Design and synthesis of HFI
HFI was successfully synthesized in three steps reaction through the conjugated connection of an excited-state intramolecular proton transfer (ESIPT)-fluorophore 2-(2’-hydroxy-phenyl)benzothiazole (HBT) as an electron donor with an indolium iodide as electron acceptor. Meanwhile, the hydroxyl group of the HBT skeleton could serve as a pH-dependent group by influencing tautomerization upon excitation (Scheme S1). Based on the twisted intramolecular charge transfer (TICT) effect, the free intramolecular rotation of HFI could be limited under high viscosity to lead to a significant fluorescence enhancement. The chemical structure of HFI was characterized by NMR and HRMS analysis, as shown in the Supporting Information (Fig. S1-S3).
Spectroscopic properties of HFI
First, the photophysical properties of HFI were investigated in different solvents. As depicted in Fig. S4A-B, few changes were observed in the absorption of HFI, while the fluorescence intensity in glycerin was several times stronger than that in the other solvents. Under this circumstance, we further provided the quantitative evaluation of HFI against viscosity in different proportions of methanol and glycerol from 2.06 cP (100% methanol) to 709 cP (100% glycerol). As shown in Fig. 1A, the fluorescence intensity of the probe at 610 nm remarkably raised about 15-fold with the fraction of glycerol from 0 to 100%. Importantly, the fluorescence intensity at 610 nm, 460 nm, and the ratio between them (I 610/I 460) all showed good linear relationships with viscosity (Fig. 1B). These results indicated the capability of HFI for quantitatively monitoring viscosity.
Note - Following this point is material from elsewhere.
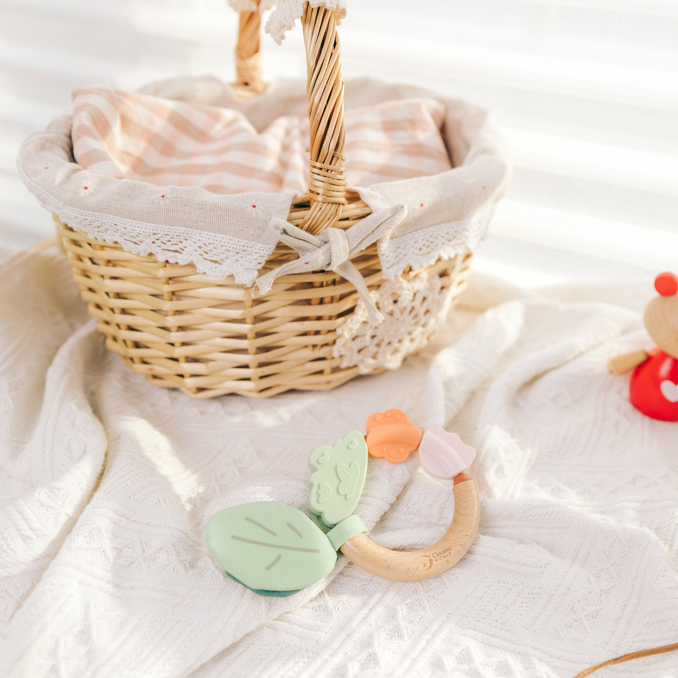 Drewniana grzechotka marki Classic World to bezpieczna, stylowa i przyjazna środowisku zabawka stworzona specjalnie dla maluszków! Grzechotka nie tylko umila czas dziecku poprzez delikatne, stymulujące dźwięki, ale również przynosi ulgę podczas ząbkowania. Połączenie naturalnego drewna i miękkiego silikonu pobudza zmysły oraz zachęca do odkrywania świata, stanowiąc doskonały pierwszy gryzak i grzechotkę dla każdego maluszka.

Next, we investigated the response of HFI to pH in phosphate buffer solution (PBS) with different pH values. With pH decreasing from 10 to 3, the fluorescence intensity at 460 nm reduced gradually while the emission at 610 nm increased (Fig. 1C). As illustrated in Fig. 1D, the pH value could easily be determined based on the ratiometric fluorescence I 610/I 460, revealing the potential use of HFI for the bioimaging of pH fluctuation. Subsequently, the concurrent imaging potential towards viscosity and pH was studied (Fig. 1E). As the viscosity was kept constant, I 610/I 460 showed a negative correlation with the pH values. While the pH remained unchanged, it was shown that with the increase of viscosity, I 610/I 460 intensively increased only under acidic conditions. These results suggested that high viscosity and low pH constituted a synergistic promotion effect on the emission intensity of HFI. Moreover, the superior photostability of HFI was observed in acidic and basic media, as well as in high-viscosity solutions, which was advantageous for long-term monitoring of the variations of pH and viscosity (Fig. 1F).
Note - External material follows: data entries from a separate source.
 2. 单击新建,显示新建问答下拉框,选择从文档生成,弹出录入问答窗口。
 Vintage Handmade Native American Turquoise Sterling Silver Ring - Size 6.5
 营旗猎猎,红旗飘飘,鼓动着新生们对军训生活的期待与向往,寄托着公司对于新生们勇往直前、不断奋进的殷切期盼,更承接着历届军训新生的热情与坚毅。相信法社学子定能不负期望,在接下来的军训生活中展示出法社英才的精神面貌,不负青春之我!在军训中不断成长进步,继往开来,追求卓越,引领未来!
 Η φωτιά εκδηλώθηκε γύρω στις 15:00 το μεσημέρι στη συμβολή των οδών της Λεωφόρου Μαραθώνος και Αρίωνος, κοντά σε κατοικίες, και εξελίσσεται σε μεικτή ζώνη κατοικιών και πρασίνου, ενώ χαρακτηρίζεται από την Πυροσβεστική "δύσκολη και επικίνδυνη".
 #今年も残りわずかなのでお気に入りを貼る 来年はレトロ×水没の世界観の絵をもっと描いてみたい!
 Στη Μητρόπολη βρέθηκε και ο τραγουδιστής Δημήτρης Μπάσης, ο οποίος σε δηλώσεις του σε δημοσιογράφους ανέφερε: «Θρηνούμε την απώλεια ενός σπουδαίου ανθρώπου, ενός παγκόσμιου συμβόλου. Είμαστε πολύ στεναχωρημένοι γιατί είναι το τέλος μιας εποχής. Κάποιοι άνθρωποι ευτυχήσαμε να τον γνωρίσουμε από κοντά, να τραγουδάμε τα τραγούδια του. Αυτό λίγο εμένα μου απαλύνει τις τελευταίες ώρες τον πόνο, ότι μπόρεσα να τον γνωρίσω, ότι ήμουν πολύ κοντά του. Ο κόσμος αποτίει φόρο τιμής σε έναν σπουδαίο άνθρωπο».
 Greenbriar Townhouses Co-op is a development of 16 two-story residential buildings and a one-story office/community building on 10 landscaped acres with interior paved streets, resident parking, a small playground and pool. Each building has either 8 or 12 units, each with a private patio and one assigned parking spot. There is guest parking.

Monitoring the variations of lysosomal viscosity and pH in living cells
Since the cellular microenvironment is complex, interference from other biological molecules should be taken into account before cell imaging. As shown in Fig. S5, no obvious changes in I 610/I 460 were recorded after the addition of the relevant species.
Based on the favorable properties of HFI in vitro, its intracellular imaging capacity was further evaluated. First, the biocompatibility of HFI was investigated. A standard MTT assay was employed for assessing the cytotoxicity of HFI (Fig. S6). Apparently, the survival of HeLa cells still exceeded 80% at concentrations up to 30 μM. The results demonstrated that the probe was negligible toxic to live cells. A co-localization imaging experiment was then carried out to examine the subcellular distribution of HFI. Following pretreatment with the probe, HeLa cells were incubated with commercial co-localization dyes, LysoTracker-Green and MitoTracker-Green, respectively. As can be seen from Fig. 2, the red fluorescence of HFI was observed a distinct overlap with the green fluorescence of LysoTracker-Green, with a Pearson’s coefficient of 0.82. Conversely, the Pearson’s correlation coefficient in mitochondria was 0.31. These results manifested the predominant lysosomal-imaging capability of HFI. It could be explained based on the response characteristic of the probe. It was illustrated that the fluorescence of HFI at 610 nm could be intensively activated by the combined effect of high viscosity and low pH (Fig. S7A). Hence, only lysosomes could be specially lit by the probe due to their highly viscous and acidic microenvironment, which provided a basis for HFI to track autophagy in lysosomes [32, 33].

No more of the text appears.